Afterwards, I dressed and met with Dangene herself and LightStim CEO Steve Marchese. My face was flushed and my body was warm, and as I perched on a stool in a tiny office before these meticulously groomed individuals I felt—despite my obsession with our body’s largest organ—woefully unprepared to converse with them.
Marchese told me that thousands of aestheticians use LightStim around the country—their original wand, the thing that’s most similar to the Neutrogena mask and the many other seemingly similar products on the market from other companies. But according to him, “The bed is a whole other level” to the whole body wellness game (despite the fact that this general technology appears to have been utilized by another nearby spa for a few years now). The rest of our conversation was a flurry of buzzwords—ATP, nitric oxide, free radicals, toxins—and I found myself smiling and nodding. Yes. Yes. Yes, light bed.
I don’t know if the LED bed did anything; from what I’ve gleaned from reading up on this stuff, one treatment is not enough to really prompt a change, and I certainly couldn’t imagine making room in my schedule or my bank account to go regularly. But dangene, LightStim, and everything related to these strange words are nestled in the increasingly popular cross section of beauty and health, creating a realm of people who care about looking good to a degree that they believe in a beauty that is more than skin-deep, though not in the way people mean when they talk about how good people are beautiful. It’s not enough to wear make-up to look as if your skin is perfect—better to have perfect skin even before you put makeup on it. Concealing seems to have lost out over revealing, or maybe it’s just that you’ve got to be flawless before you cover up in the first place. Even better is if the treatment is minimally invasive—gone are the days when a full facelift was the solution. In the world of wellness, you have to look good and feel good, and this trip into the light quite literally represents that.
Soon after my time with the LightStim Professional LED Bed, I went over to my friend Frannie’s house. She’d just purchased the Neutrogena mask in a flurried fit of winter self care and eagerly put it on, immediately looking like a young Darth Vader.

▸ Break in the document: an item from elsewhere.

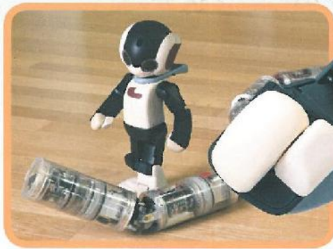
Il module robot MMS

I asked her this week what she thought about it.
“The fun things: it made your face feel a little bit hot and tight afterward, so you definitely felt like you were doing something to burn any invisible acne off. I would wear it while I did the dishes and sometimes it would make me a little bit cross-eyed afterward because your eyes color correct back from the pink, but it was definitely fun to wear and take scary selfies in.”
But her commitment to it didn’t last long. “I used it like 10 times and then forgot about it but was considering digging it out again,” she said.
And, relatedly: “Yesterday I did a Caudalie glycolic mask and it was great.”